- [Data shown]:
....

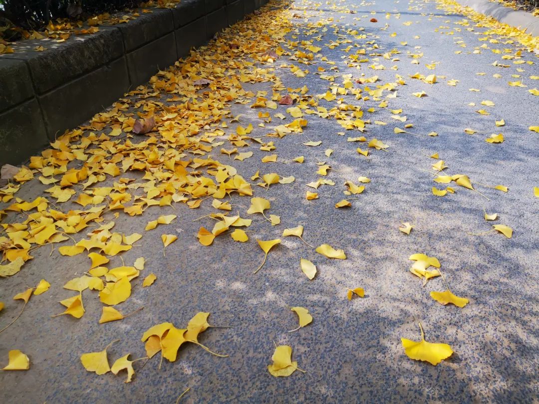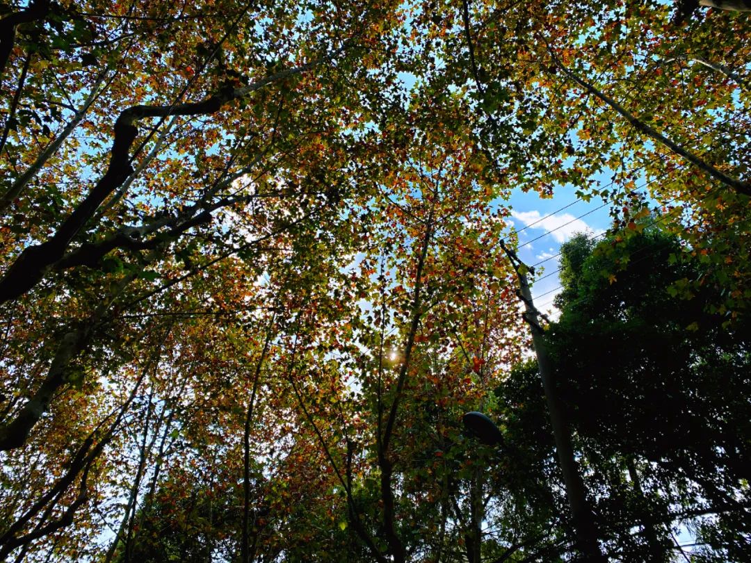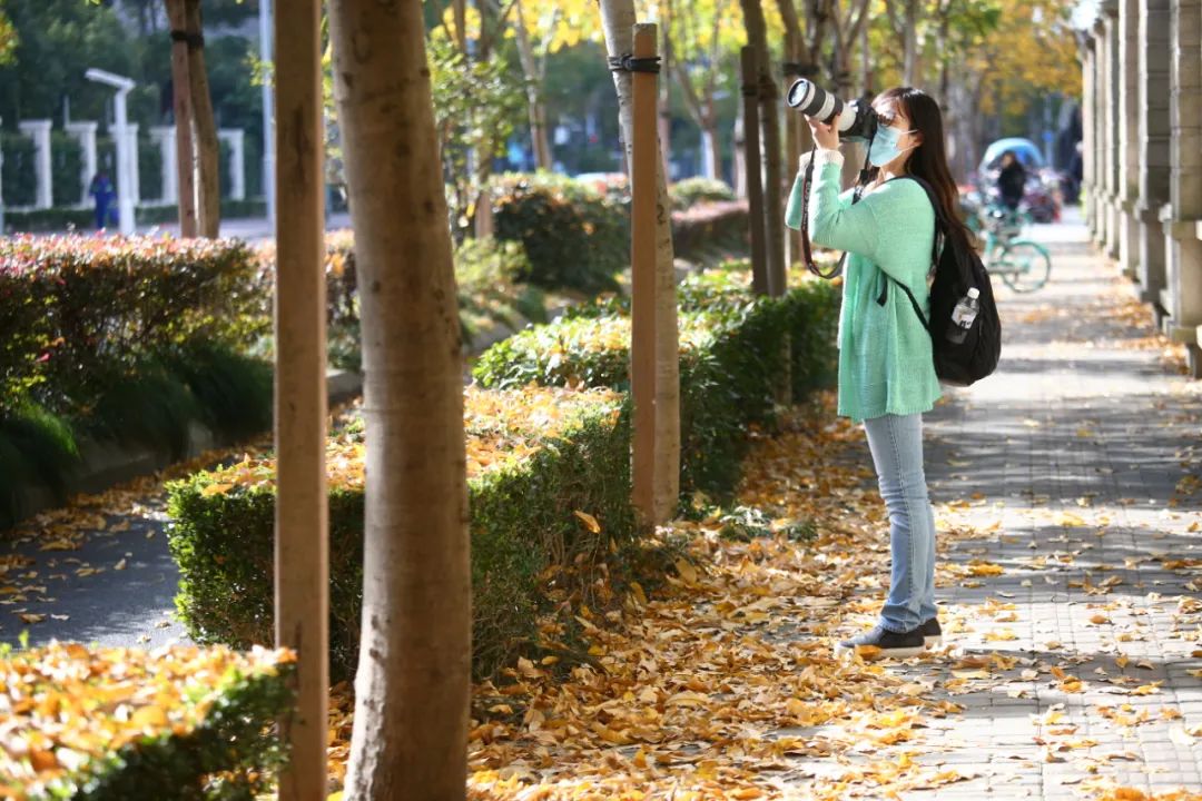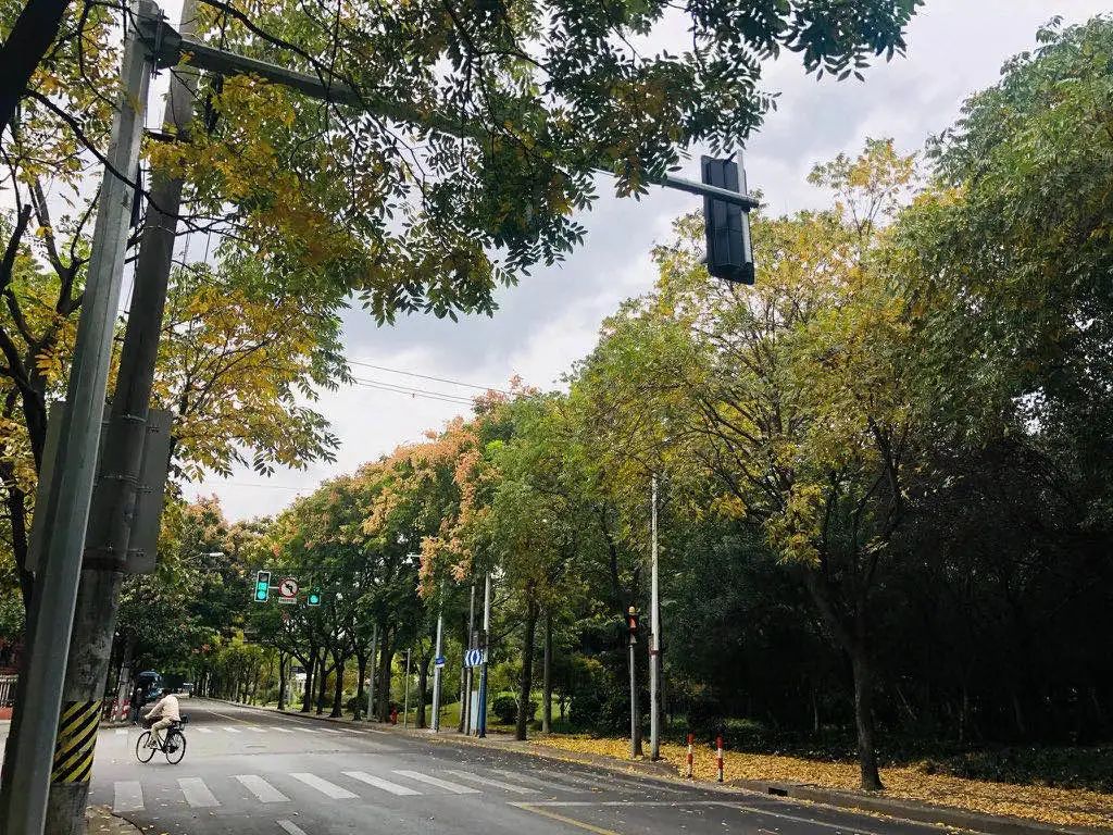 這條長(zhǎng)約1公里的道路兩旁種滿了無患子樹,葉片已經(jīng)由綠轉(zhuǎn)黃,只要有風(fēng)“經(jīng)過”,就能看到落葉轉(zhuǎn)著圈旋轉(zhuǎn)著掉落下來,金黃的葉片成為了上海街頭最美的裝飾。
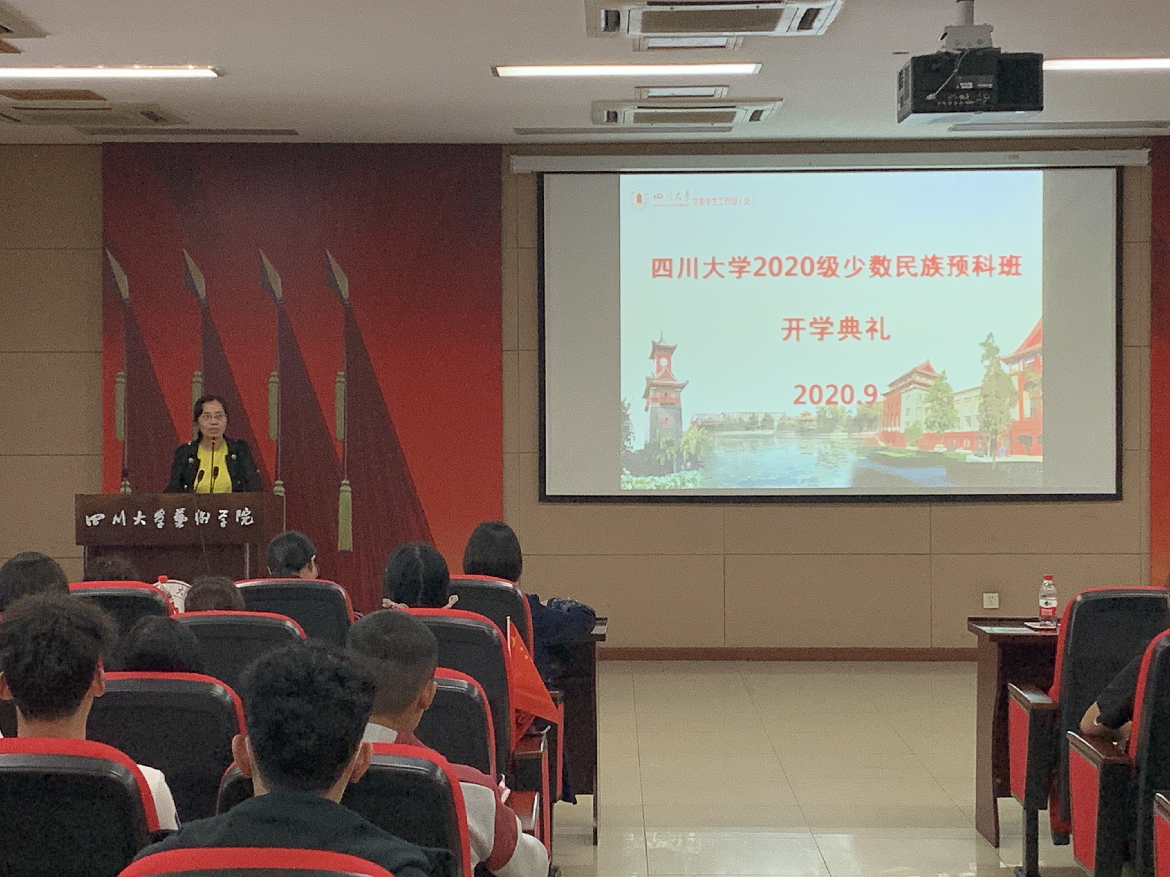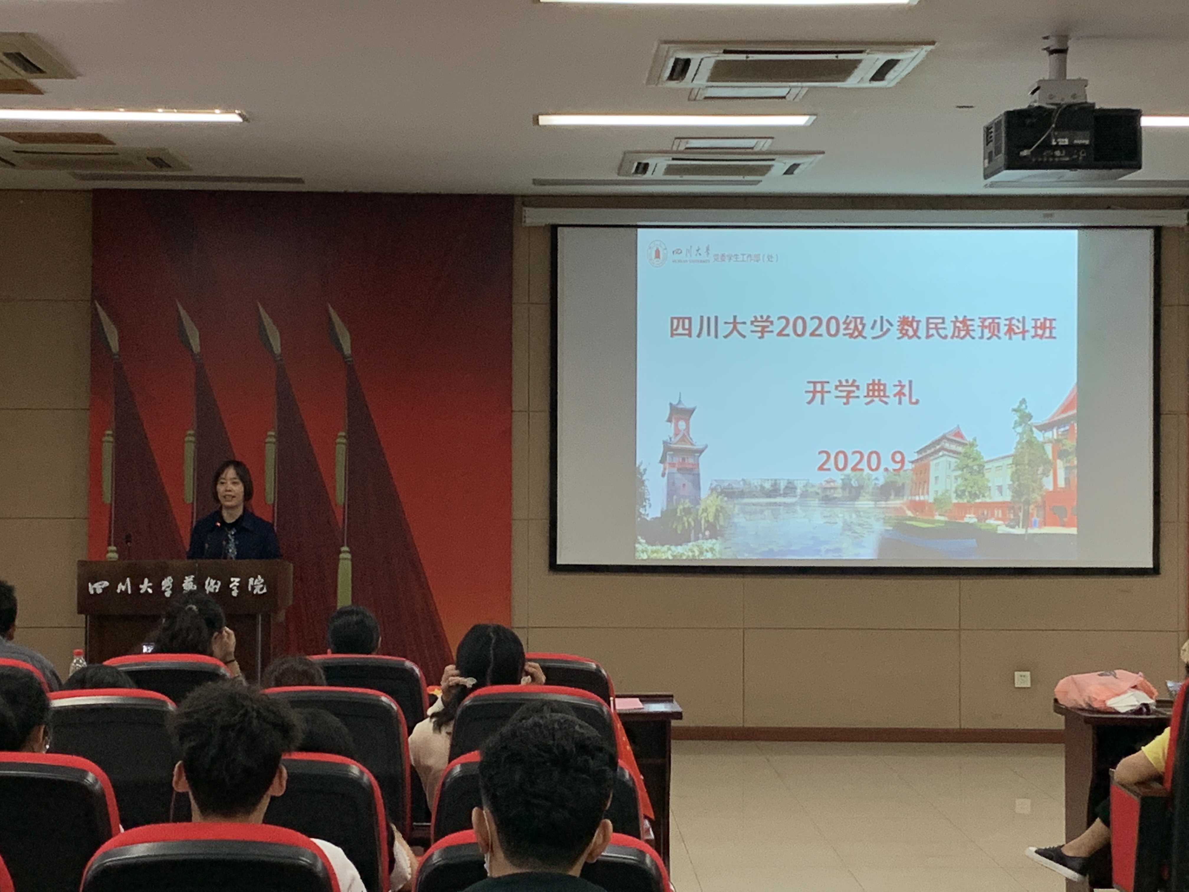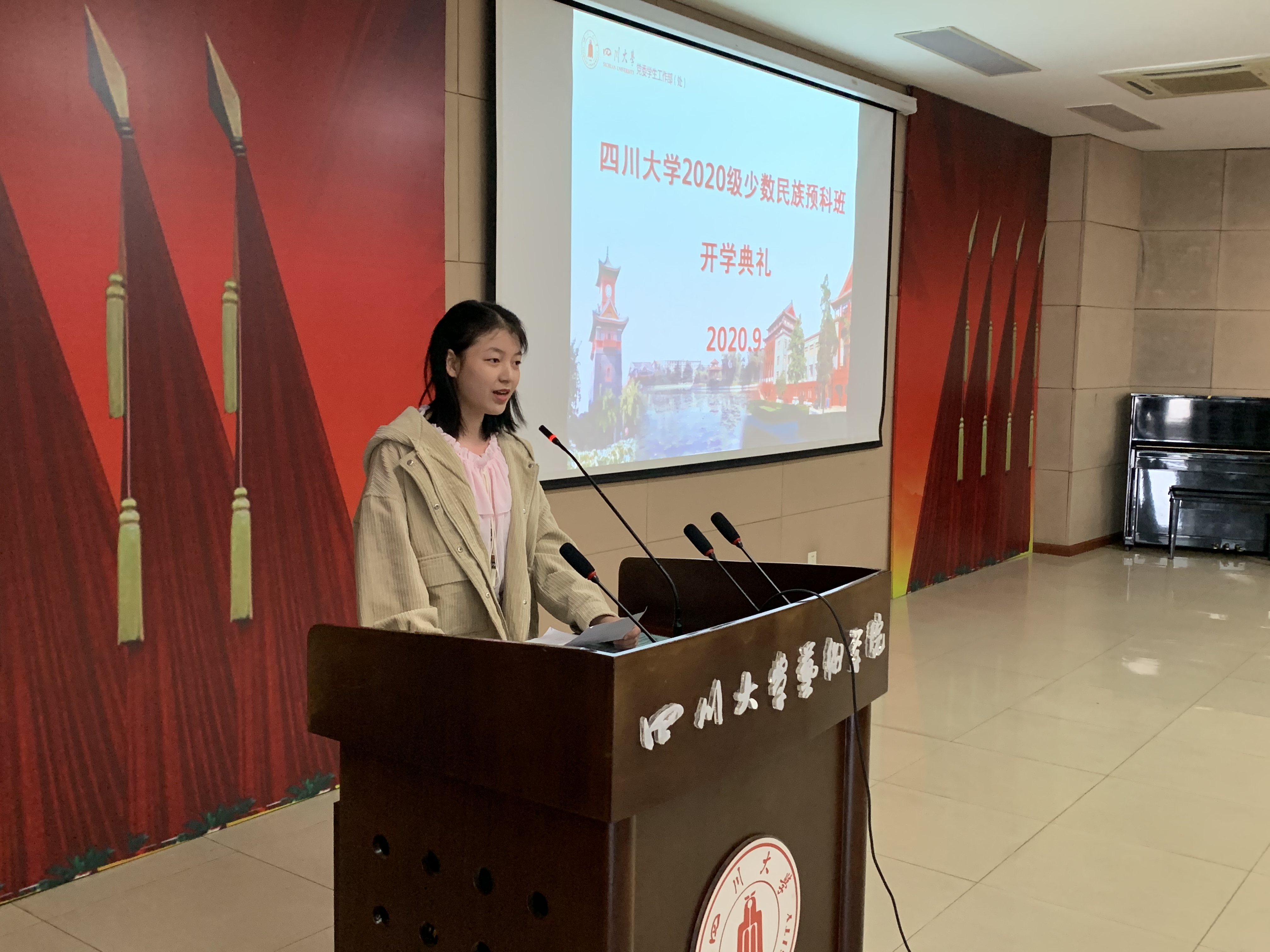 学工部副部长卢希芬在发言中介绍了川大招生中的少数民族预科计划、南疆单列计划、国家专项计划等进行了简单介绍,希望同学们珍惜国家给予的好机会、学校给予的好平台,找差距、补弱项,刻苦学习、努力奋斗。卢老师说,开学短短4天,同学们热情地参与新生接待志愿工作;冒雨开展节约粮食、光盘行动倡议,推广甘洛扶贫产品;用心整理美化宿舍……背后展现的是每一位同学优秀的品质,希望同学们能将预科班严格的管理内化为习惯和自律,养成良好写学习习惯和生活习惯,将优秀变成一种习惯。
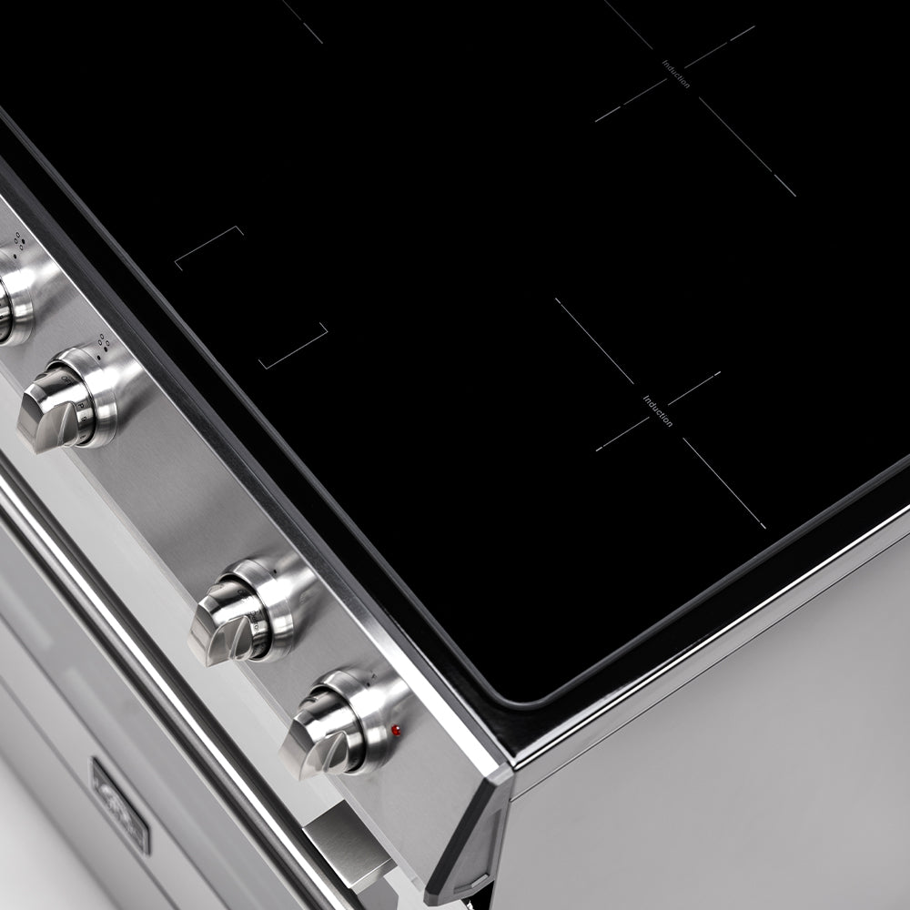 The Forno Leonardo Espresso 30" stainless steel induction range delivers powerful, energy-efficient cooking with a sleek, modern design. Featuring 8,100-watt induction elements, this range provides rapid, precise heating for faster cooking and consistent results. The spacious 5.0 cu. ft. convection oven, equipped with a high-performance fan and 3,500-watt broil and bake output, ensures even heat distribution for perfect baking and roasting. Its speckled blue enamel interior enhances heat retention, while two adjustable oven racks offer versatility for any meal. Built for durability and ease of use, friction-resistant hinges ensure smooth operation, and the hidden bake element simplifies cleaning by preventing spills from burning.

....

- [Exercise directions]:
Give back exactly the lines from the first line of the data through the line with "学工部副部长卢希芬在发言中介", pictures excluded.

- [Answer box]:
 這條長(zhǎng)約1公里的道路兩旁種滿了無患子樹,葉片已經(jīng)由綠轉(zhuǎn)黃,只要有風(fēng)“經(jīng)過”,就能看到落葉轉(zhuǎn)著圈旋轉(zhuǎn)著掉落下來,金黃的葉片成為了上海街頭最美的裝飾。
 学工部副部长卢希芬在发言中介绍了川大招生中的少数民族预科计划、南疆单列计划、国家专项计划等进行了简单介绍,希望同学们珍惜国家给予的好机会、学校给予的好平台,找差距、补弱项,刻苦学习、努力奋斗。卢老师说,开学短短4天,同学们热情地参与新生接待志愿工作;冒雨开展节约粮食、光盘行动倡议,推广甘洛扶贫产品;用心整理美化宿舍……背后展现的是每一位同学优秀的品质,希望同学们能将预科班严格的管理内化为习惯和自律,养成良好写学习习惯和生活习惯,将优秀变成一种习惯。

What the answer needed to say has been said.